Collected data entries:
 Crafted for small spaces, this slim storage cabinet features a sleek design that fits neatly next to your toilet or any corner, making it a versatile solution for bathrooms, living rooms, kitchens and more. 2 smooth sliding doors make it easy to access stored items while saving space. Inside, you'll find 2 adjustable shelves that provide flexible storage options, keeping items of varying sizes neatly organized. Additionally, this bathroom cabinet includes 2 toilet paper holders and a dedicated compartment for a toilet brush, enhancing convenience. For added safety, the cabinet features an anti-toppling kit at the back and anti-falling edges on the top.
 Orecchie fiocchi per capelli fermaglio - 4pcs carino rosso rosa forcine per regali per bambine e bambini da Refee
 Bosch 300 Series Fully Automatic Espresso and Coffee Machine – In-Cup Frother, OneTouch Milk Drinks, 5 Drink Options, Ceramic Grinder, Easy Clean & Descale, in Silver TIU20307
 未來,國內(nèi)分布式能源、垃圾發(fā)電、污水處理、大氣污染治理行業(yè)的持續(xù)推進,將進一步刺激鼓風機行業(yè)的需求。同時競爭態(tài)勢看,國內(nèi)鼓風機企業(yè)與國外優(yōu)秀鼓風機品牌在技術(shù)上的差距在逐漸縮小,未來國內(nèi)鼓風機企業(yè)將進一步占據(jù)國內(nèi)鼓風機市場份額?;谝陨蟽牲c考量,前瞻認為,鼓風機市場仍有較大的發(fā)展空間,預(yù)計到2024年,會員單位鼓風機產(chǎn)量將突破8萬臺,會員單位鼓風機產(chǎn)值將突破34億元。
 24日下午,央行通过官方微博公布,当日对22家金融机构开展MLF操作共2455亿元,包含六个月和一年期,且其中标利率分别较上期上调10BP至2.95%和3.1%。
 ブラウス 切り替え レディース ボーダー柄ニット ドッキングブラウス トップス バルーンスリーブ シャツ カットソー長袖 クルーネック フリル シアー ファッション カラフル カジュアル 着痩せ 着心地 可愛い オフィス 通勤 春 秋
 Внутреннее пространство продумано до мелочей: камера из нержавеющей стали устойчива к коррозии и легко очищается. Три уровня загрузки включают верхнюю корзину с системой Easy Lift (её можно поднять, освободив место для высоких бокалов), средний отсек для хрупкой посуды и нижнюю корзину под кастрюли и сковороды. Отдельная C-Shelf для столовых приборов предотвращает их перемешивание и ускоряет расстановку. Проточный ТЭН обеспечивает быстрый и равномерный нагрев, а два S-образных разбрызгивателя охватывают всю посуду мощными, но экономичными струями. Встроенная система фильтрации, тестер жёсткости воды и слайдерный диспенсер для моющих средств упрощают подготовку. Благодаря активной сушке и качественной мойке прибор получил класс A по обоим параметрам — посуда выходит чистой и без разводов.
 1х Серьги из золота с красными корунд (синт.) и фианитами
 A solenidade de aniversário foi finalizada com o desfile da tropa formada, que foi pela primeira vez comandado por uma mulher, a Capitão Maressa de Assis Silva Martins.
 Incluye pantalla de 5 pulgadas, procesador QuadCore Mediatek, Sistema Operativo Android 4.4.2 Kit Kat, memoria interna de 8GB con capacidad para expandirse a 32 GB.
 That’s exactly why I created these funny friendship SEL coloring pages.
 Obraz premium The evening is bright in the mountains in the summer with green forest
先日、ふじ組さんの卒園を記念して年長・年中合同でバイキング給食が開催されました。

#### [EXERCISE AIM]
The response should be a verbatim transcription of the data.

#### [RESULT BELOW]
 Crafted for small spaces, this slim storage cabinet features a sleek design that fits neatly next to your toilet or any corner, making it a versatile solution for bathrooms, living rooms, kitchens and more. 2 smooth sliding doors make it easy to access stored items while saving space. Inside, you'll find 2 adjustable shelves that provide flexible storage options, keeping items of varying sizes neatly organized. Additionally, this bathroom cabinet includes 2 toilet paper holders and a dedicated compartment for a toilet brush, enhancing convenience. For added safety, the cabinet features an anti-toppling kit at the back and anti-falling edges on the top.
 Orecchie fiocchi per capelli fermaglio - 4pcs carino rosso rosa forcine per regali per bambine e bambini da Refee
 Bosch 300 Series Fully Automatic Espresso and Coffee Machine – In-Cup Frother, OneTouch Milk Drinks, 5 Drink Options, Ceramic Grinder, Easy Clean & Descale, in Silver TIU20307
 未來,國內(nèi)分布式能源、垃圾發(fā)電、污水處理、大氣污染治理行業(yè)的持續(xù)推進,將進一步刺激鼓風機行業(yè)的需求。同時競爭態(tài)勢看,國內(nèi)鼓風機企業(yè)與國外優(yōu)秀鼓風機品牌在技術(shù)上的差距在逐漸縮小,未來國內(nèi)鼓風機企業(yè)將進一步占據(jù)國內(nèi)鼓風機市場份額?;谝陨蟽牲c考量,前瞻認為,鼓風機市場仍有較大的發(fā)展空間,預(yù)計到2024年,會員單位鼓風機產(chǎn)量將突破8萬臺,會員單位鼓風機產(chǎn)值將突破34億元。
 24日下午,央行通过官方微博公布,当日对22家金融机构开展MLF操作共2455亿元,包含六个月和一年期,且其中标利率分别较上期上调10BP至2.95%和3.1%。
 ブラウス 切り替え レディース ボーダー柄ニット ドッキングブラウス トップス バルーンスリーブ シャツ カットソー長袖 クルーネック フリル シアー ファッション カラフル カジュアル 着痩せ 着心地 可愛い オフィス 通勤 春 秋
 Внутреннее пространство продумано до мелочей: камера из нержавеющей стали устойчива к коррозии и легко очищается. Три уровня загрузки включают верхнюю корзину с системой Easy Lift (её можно поднять, освободив место для высоких бокалов), средний отсек для хрупкой посуды и нижнюю корзину под кастрюли и сковороды. Отдельная C-Shelf для столовых приборов предотвращает их перемешивание и ускоряет расстановку. Проточный ТЭН обеспечивает быстрый и равномерный нагрев, а два S-образных разбрызгивателя охватывают всю посуду мощными, но экономичными струями. Встроенная система фильтрации, тестер жёсткости воды и слайдерный диспенсер для моющих средств упрощают подготовку. Благодаря активной сушке и качественной мойке прибор получил класс A по обоим параметрам — посуда выходит чистой и без разводов.
 1х Серьги из золота с красными корунд (синт.) и фианитами
 A solenidade de aniversário foi finalizada com o desfile da tropa formada, que foi pela primeira vez comandado por uma mulher, a Capitão Maressa de Assis Silva Martins.
 Incluye pantalla de 5 pulgadas, procesador QuadCore Mediatek, Sistema Operativo Android 4.4.2 Kit Kat, memoria interna de 8GB con capacidad para expandirse a 32 GB.
 That’s exactly why I created these funny friendship SEL coloring pages.
 Obraz premium The evening is bright in the mountains in the summer with green forest
先日、ふじ組さんの卒園を記念して年長・年中合同でバイキング給食が開催されました。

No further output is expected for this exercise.